To solve the system of equations, follow the steps below.
Step 01: Solve the first equation for x.
To do it, subtract 4 y from both sides of the equation.
[tex]\begin{gathered} x+4y-4y=14-4y \\ x=14-4y \end{gathered}[/tex]
Step 02: Substitute x by (14 - 4y) in the second equation.
[tex]\begin{gathered} 2x-y=1 \\ 2*(14-4y)-y=1 \end{gathered}[/tex]
Step 03: Solve the equation for y.
To do it, first, solve the multiplication and the addition.
[tex]\begin{gathered} 28-8y-y=1 \\ 28-9y=1 \end{gathered}[/tex]
Now, subtract 28 from both sides.
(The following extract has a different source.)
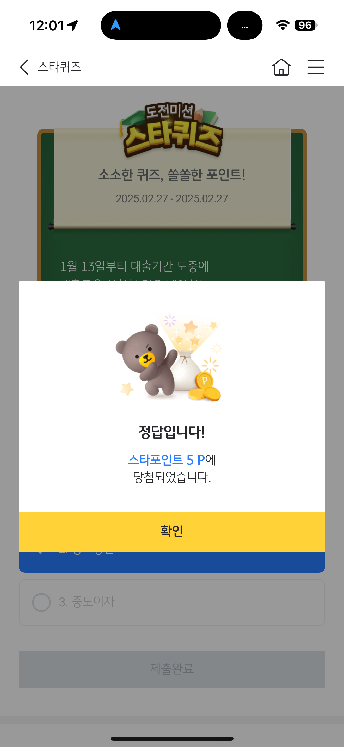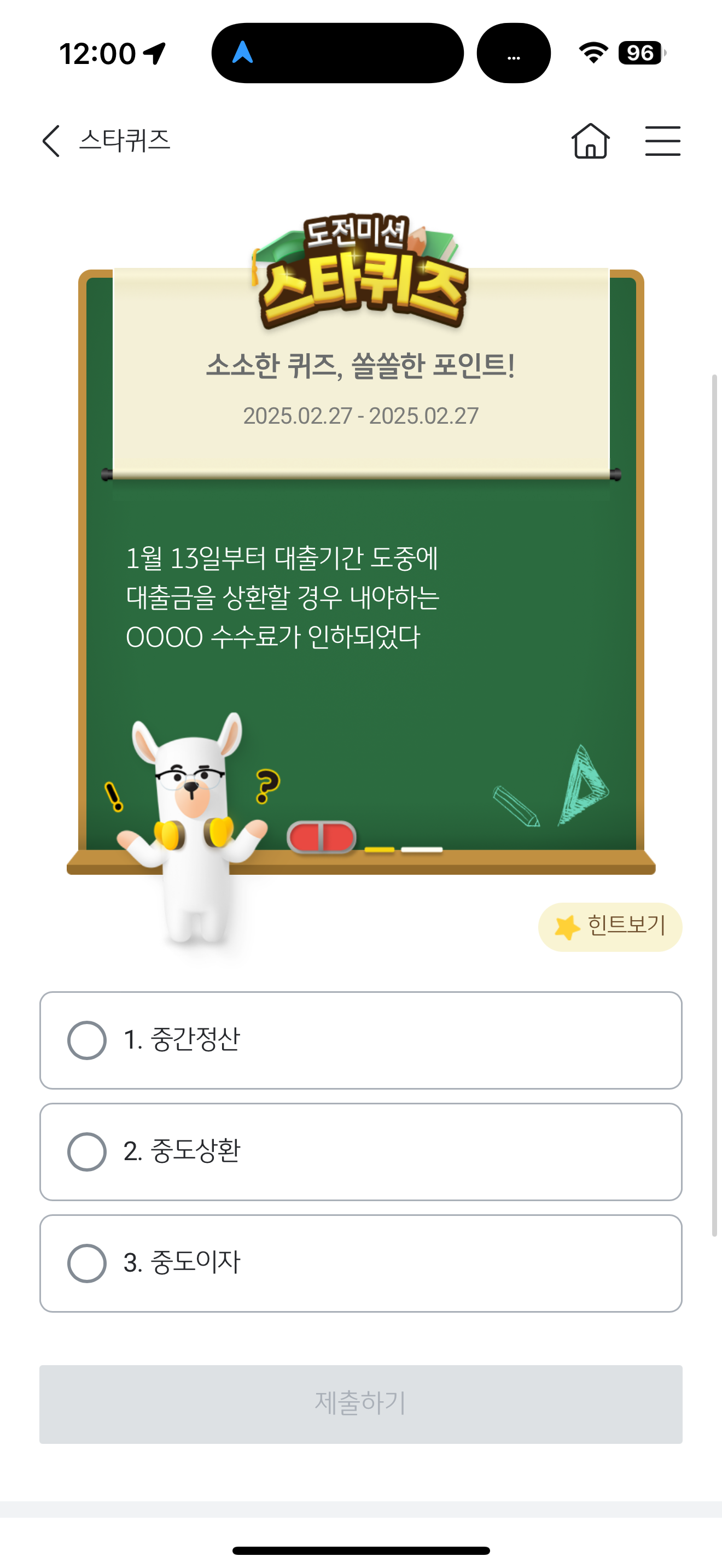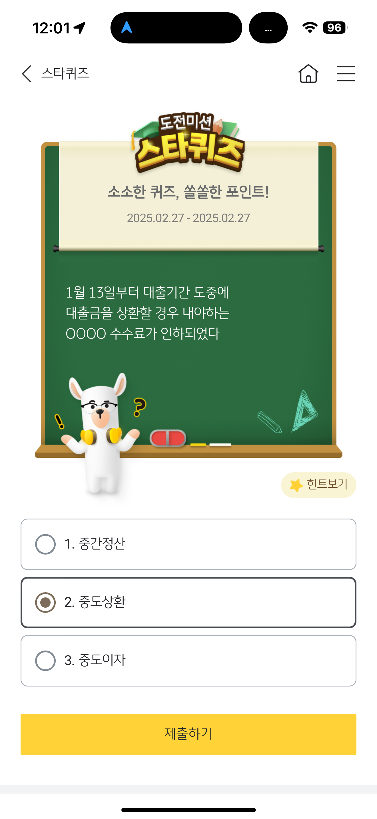 KB스타뱅킹 스타퀴즈 정답은 2. 중도상환 입니다

Then, divide the sides by -9.
[tex]\begin{gathered} 28-9y-28=1-28 \\ -9y=-27 \\ \frac{-9y}{-9}=\frac{-27}{-9} \\ y=3 \end{gathered}[/tex]
Step 04: Substitute y by 3 and find x using the equation from step 1.
[tex]\begin{gathered} x=14-4y \\ x=14-4*3 \\ x=14-12 \\ x=2 \end{gathered}[/tex]
Answer:
The system has one solution:
x = 2 and y = 3, which is the same as (2, 3).